A UNESCO-backed micro-credit program is helping poor Jordanian women to start up business and educate their children.
How do you get forty goats? You buy ten, tend them well and wait! That's the secret of success of Radia Saoud from Hashimiyya village in the Ma'an region of Jordan.
With a family relying on her to improve its life-style and cater for its educational needs, Mrs. Saoud sought a loan from the Microcredit Program for Children in Need, a joint project of the Noor Al Hussein Foundation (NHF) and UNESCO. Using an initial loan of $850, she began to raise goats. Carefully farming the animals, her original ten soon multiplied fourfold. The milk from the goats has not only improved her own nutrition and that of the children of her eleven member extended family, but she also has enough leftover to sell for additional cash. Now, she has expanded her business through goat trading.
Mrs. Saoud's story is just one of the many successes of the Children in Need Program, launched two years ago with $500,000 from UNESCO. Through careful placement of microcredit loans, the Foundation has given hope to hundreds of families throughout Jordan.
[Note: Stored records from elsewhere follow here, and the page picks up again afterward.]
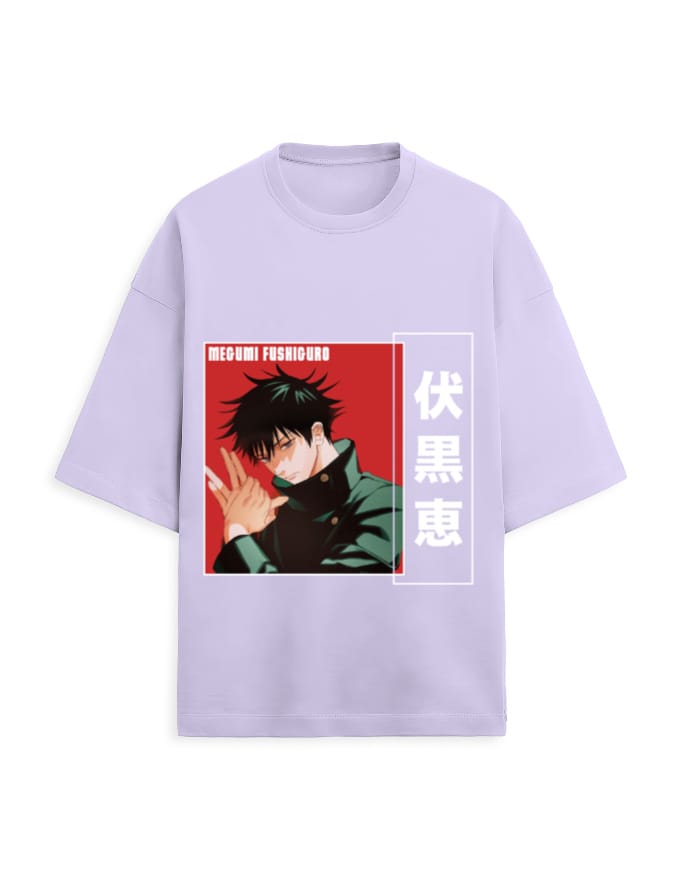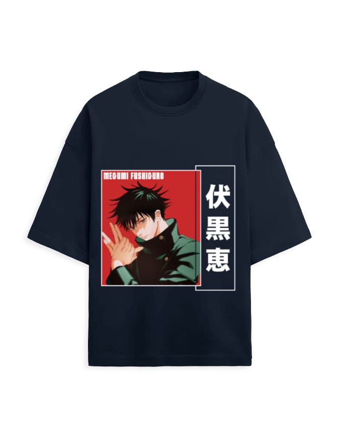 Design: Printed oversized tee with Jujutsu Kaisen Megumi Fushiguro artwork for a bold statement
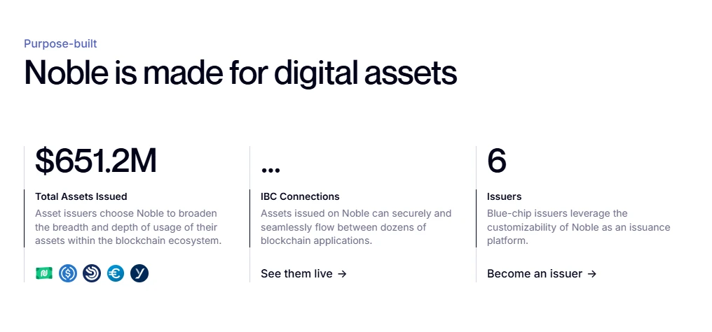 Noble 是 Cosmos 应用专用区块链专为原生资产发行而打造。Noble 将原生资产的效率和互操作性带入更广泛的 Cosmos 生态系统,并以 USDC 为起点。
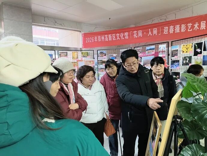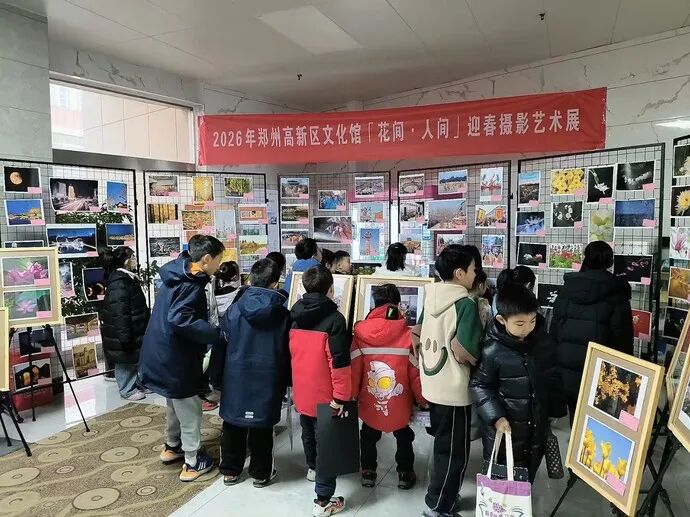 新春将至,一场洋溢年味与诗意的视觉盛宴在郑州高新区温情上演。1月18日,由高新区文化馆主办的「花间·人间」迎春摄影艺术展如约而至。展览汇集该馆摄影班师生近两百幅精选佳作,以镜头捕捉自然灵韵、人文温度与城市新颜,铺展出一幅幅生动而温暖的迎春画卷。展览首日便吸引了众多的市民驻足观赏,现场气氛热烈。
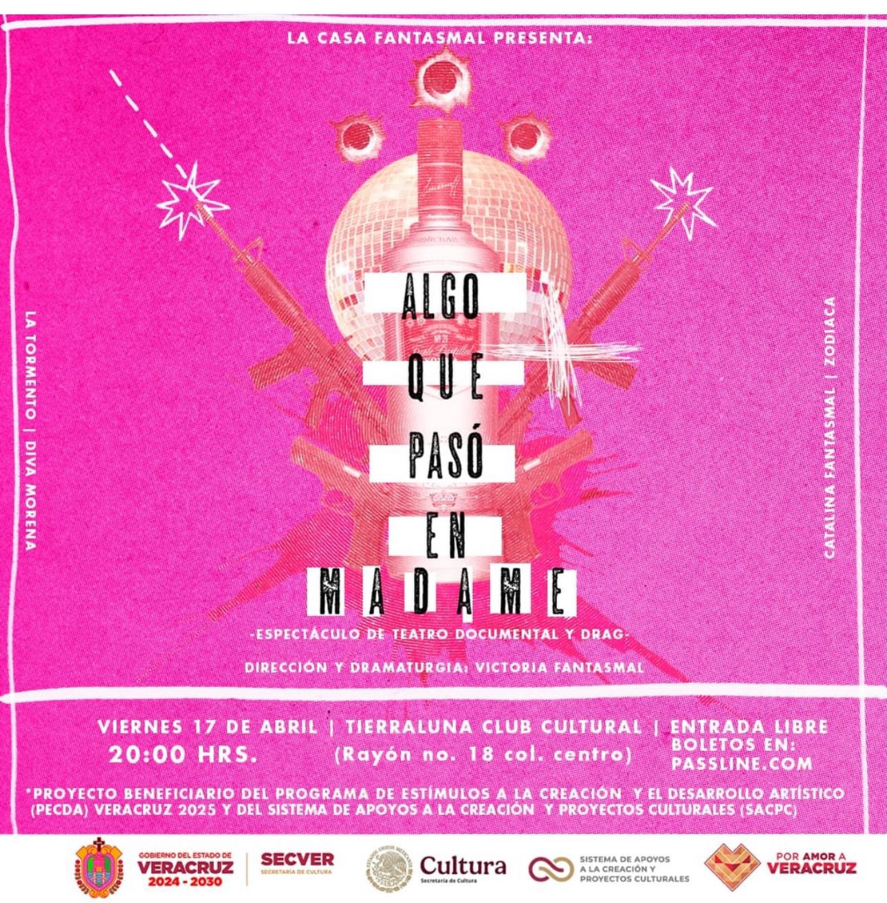 Xalapa, Ver.- Victoria Fantasmal, junto a sus compañeras drags integrantes del colectivo “La Casa Fantasmal”, presentarán su más reciente proyecto: «Algo que pasó en Madame», un espectáculo que fusiona el rigor del teatro documental con la expresividad del Show Drag, función que se llevará a cabo en el escenario de Tierra Luna Club Cultural este viernes 17 de abril, en punto de las 20:00 horas.
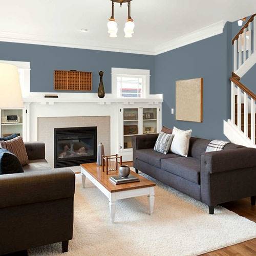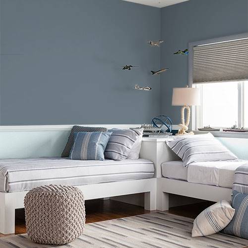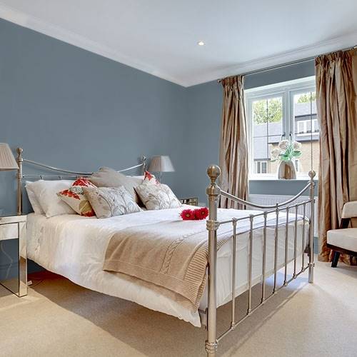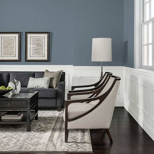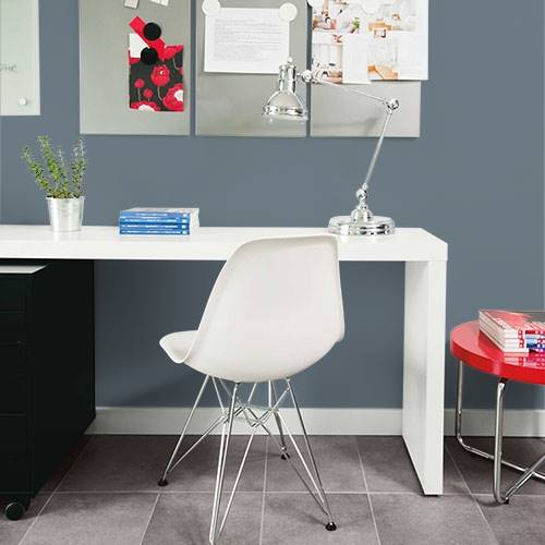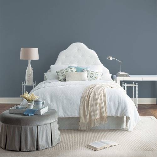 A complex blue gray creates a beautiful ambiance for an accent wall. Pair Parisian accents of violets and lighter gray walls for surrounding walls.

It concentrates on implementing new model projects that enhance the lives of women and youth.
"NHF trains and empowers women for ownership and self-management of their small enterprises" says Executive Director, Dr. Sima Bahous. The evidence shows that benefits from these businesses flow on to children through better educational opportunities and increased health standards.
In the Inbid Governate in the north of the country, Manal Mahmoud Daki-Lah heard of the microcredit program through the Mother's Club in Himma village. Based on her training as a hairdresser, she borrowed $700 and established her own beauty salon. She is now training other women. The business is making a profit and Mrs. Daki-Lah uses the cash to improve her family's life-style and the education of her children.
Further south in Karak, Muntaha El Awasah, from That Ras village, used her loan to plant medicinal herbs, such as Thyme, which she sells directly to merchants in the nearby city. In a neighboring village, Najah Sulaiman Al-Haddar supports her six children through a sewing and embroidery enterprise she started with a $700 loan from the NHF/UNESCO project. Now she has not only taught other women and girls in the village how to embroider, but she also employs them to sew items as her business continues to expand.
With a 15-year record of community work in Jordan, the NHF has pioneered a number of innovative projects that have served thousands of needy families. The microcredit program for Children in Need is targeting seventeen villages, which form part of NHF's Quality of Life project. "For the first time in Jordan and the region" says Dr Bahous, "development projects are fully handed over to the communities."
Village Loan Committees process microcredit applications, thus ensuring that villagers themselves have full participation in the program. The average overall repayment rate of loans is a healthy 84%, with some villages achieving a payback rate of over 90%. Loan recipient families must have at least two children. More usually, it's over four. Although Jordanian women are, traditionally reluctant to seek loans and establish small businesses, NHF's microcredit trainers make special efforts to encourage them to put forward applications. Thanks to the program, women entrepreneurs now also own bakeries, grocery shops and other enterprises. NHF helps them to sell their handicrafts, rugs, embroidery and other goods locally and internationally, through a product marketing division.
Dr. Bahous is pleased to see villagers taking control of their own destinies. "NHF prides itself not on how many projects it administers" she says, "but by how many projects it has actually handed over to local communities."
Field evaluations of the Children in Need microcredit program have shown a marked improvement in the quality of life of beneficiary youngsters and families, especially in their hygiene, health and nutrition. NHF's innovative strategy for rural families is, clearly, delivering results, which also impact on better educational achievements.